Cuando pensamos en Borges rodeado de libros, lo primero que viene a la mente son las casi dos décadas que estuvo al frente de la Biblioteca Nacional como director. No, no estuvo en el edificio actual, la mole diseñada por Clorindo Testa, a la que JLB no llegó a conocer. “El Poema de los dones”, donde se identifica con otro director, su admirado Paul Groussac, que también se había quedado ciego (a los dos, parafraseándolo, Dios les dio la magnífica ironía de los libros y la noche) no fue concebido ahí, sino en la vieja sede de la calle México, donde siempre tuvo su despacho.
Pero tampoco fueron los libros en larga fila de la calle México los que, contra lo que podríamos tender a fantasear, le inspiraron a Borges “La biblioteca de Babel”, cronológicamente anterior a ese trabajo. El cuento fue contemporáneo de su tarea en una biblioteca mucho más modesta, la Miguel Cané, donde revistó durante nueve años hasta que, con el peronismo en el poder, fue nombrado, como es sabido, inspector de aves de corral y de huevos. Borges mandó su renuncia que era, según consideró, lo que se esperaba de él. “De lo contrario, yo me hubiera quedado vegetando en aquella biblioteca por tiempo indefinido. No sé por qué, ya que cada año me decía: ‘Bueno, este es el último año’, y luego no sé qué cobardía me impedía que yo la dejara.” Fue, en retrospectiva, una suerte. A partir de entonces, empezaría a ganarse la vida dando conferencias, lo que le permitió viajar por todo el país.

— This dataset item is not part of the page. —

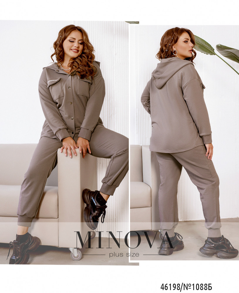 Костюм в стиле casual, выполненный из плотной мягкой ткани, прочно войдет и идеально дополнит ваш базовый осенний гардероб. Лаконичные брюки-джоггеры на резинке с карманами и манжетами идеально дополняет кофта с застежкой на кнопках, капюшоном и накладными карманами с клапанами на груди, украшенная декоративными принтами.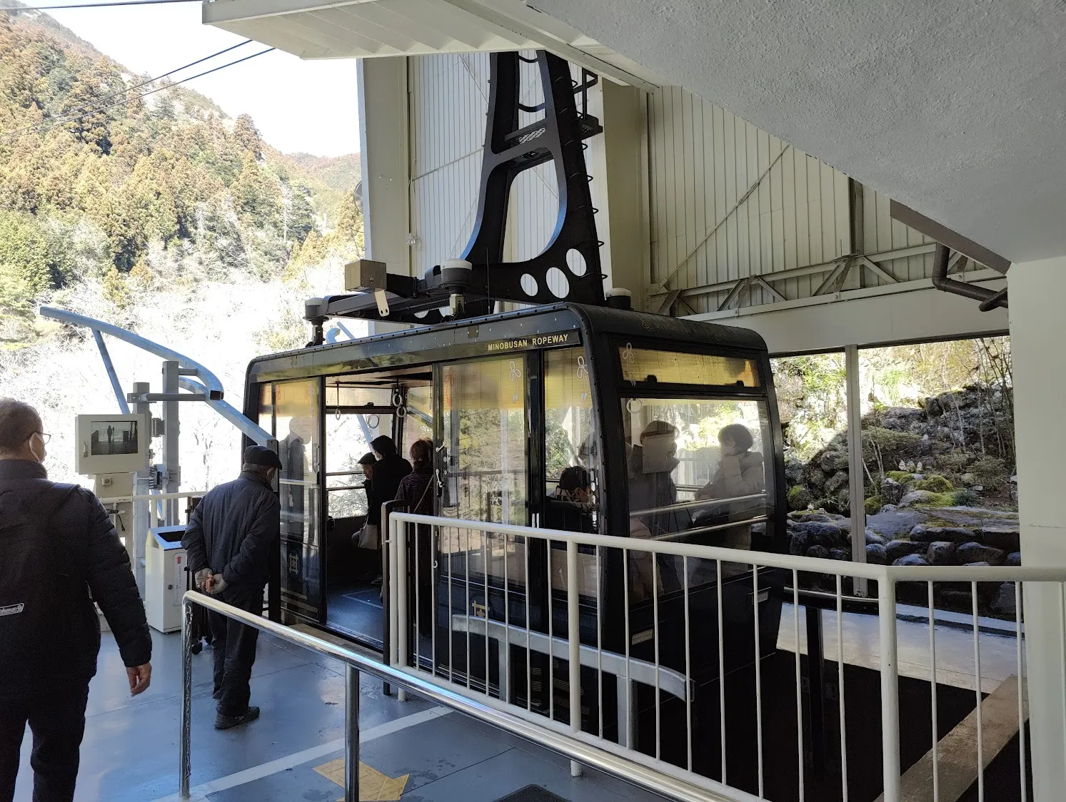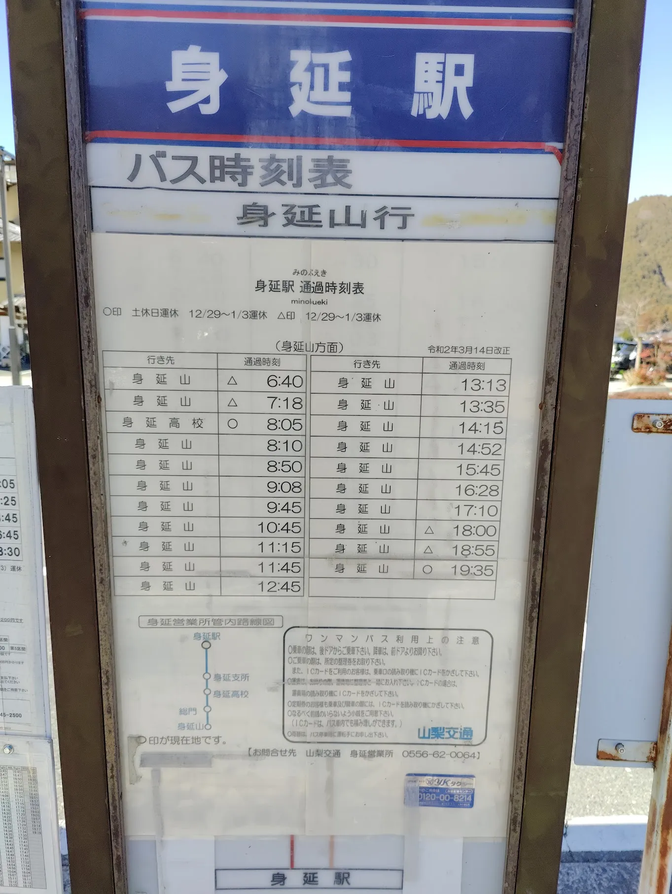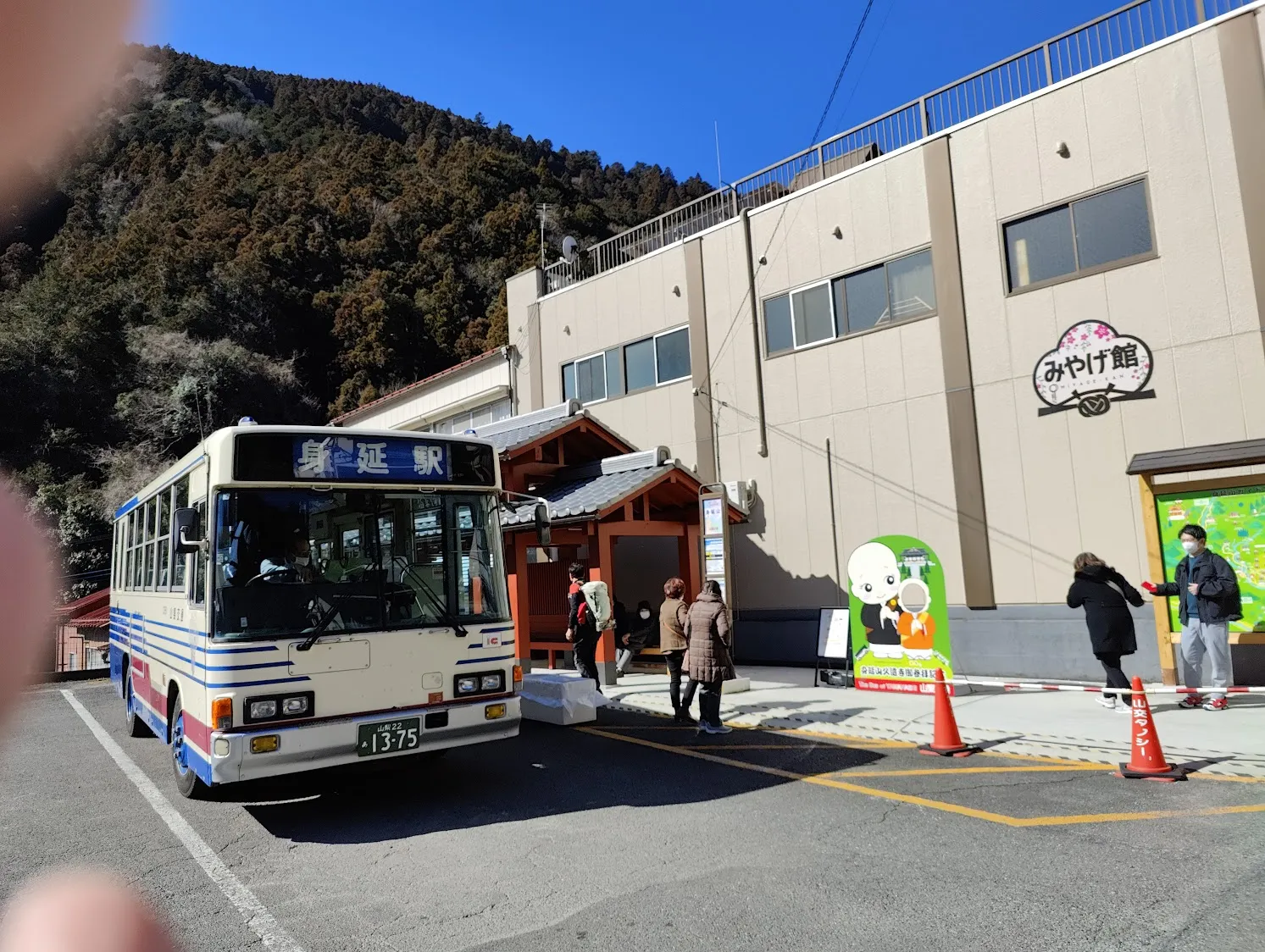 The train ride from Kofu to Minobu takes about an hour and 30 minutes. From Minobu station, a bus runs to the temple approximately once an hour. Fortunately, the schedule is well-coordinated, and I only had to wait for about 20 minutes. There are a few souvenir shops near the station where you can pass the time easily.

“Cuando en la biblioteca Miguel Cané le preguntaron qué cuadro prefería, Borges pensó que se referían a telas o óleos y no a equipos de fútbol”
La biblioteca Miguel Cané todavía está activa en la misma dirección (Carlos Calvo 4319) y tiene un espacio dedicado a su empleado más notorio, donde incluso se puede visitar el rincón en que el escritor se encerraba a leer y, eventualmente, a borronear cuentos y poemas.
Hace poco se editó la edición definitiva de los diálogos que Borges mantuvo con el periodista Osvaldo Ferrari, que se transmitían por Radio Municipal, en los comienzos de la democracia. Casi todos son excepcionales, pero el 34, dedicado a sus experiencias en aquella biblioteca barrial tiene la curiosidad de presentar a un Borges en inesperada clave picaresca.
Borges dice ahí tener un recuerdo agridulce de aquel trabajo en el que comenzó como auxiliar segundo y fue después ascendido (quizá por insistencia del poeta Francisco Luis Bernárdez, que era el director) a auxiliar primero.
“Trabajar” tal vez no sea exacto, agrega. El primer día clasificó ochenta libros (siguiendo el clásico sistema decimal), y al siguiente, se vio recriminado por uno de sus colegas. “Me dijo que eso era una falta de compañerismo, porque ellos se habían fijado un promedio de cuarenta libros para clasificar por día”. Así que, para no quedar “como presuntuoso”, de ahí en adelante rebajó el número. La tarea, según él, se podía hacer en tres cuartos de hora, por lo cual quedaban todavía seis horas por delante. A ese tiempo muerto, le debió entre otras cosas, aunque al parecer leer tampoco estaba bien visto, el conocimiento de León Bloy y la relectura de la Historia de la decadencia y caída del Imperio Romano, de Gibbon.
El resto de las horas transcurría, según él, entre chismes, cuentos “verdes” y charlas sobre fútbol. Cuando alguna vez le preguntaron qué cuadro prefería, Borges pensó que se referían a telas o óleos y no a equipos de un deporte del que no sabía nada. Como estaban cerca de Boedo y San Juan, le dijeron que tenía que ser de San Lorenzo de Almagro. “Yo aprendí de memoria esa contestación, siempre decía que era de San Lorenzo de Almagro, para no ofender a los compañeros”, pero pronto notó que el equipo no ganaba casi nunca. Le respondieron que eso era secundario (“en lo que tenían razón”, acota), pero que era el cuadro más “científico” de todos: “no sabían ganar, pero lo hacían metódicamente”.
¿Borges, seguidor de algún equipo? No, claro, todo fue cuestión de cortesía o de supervivencia.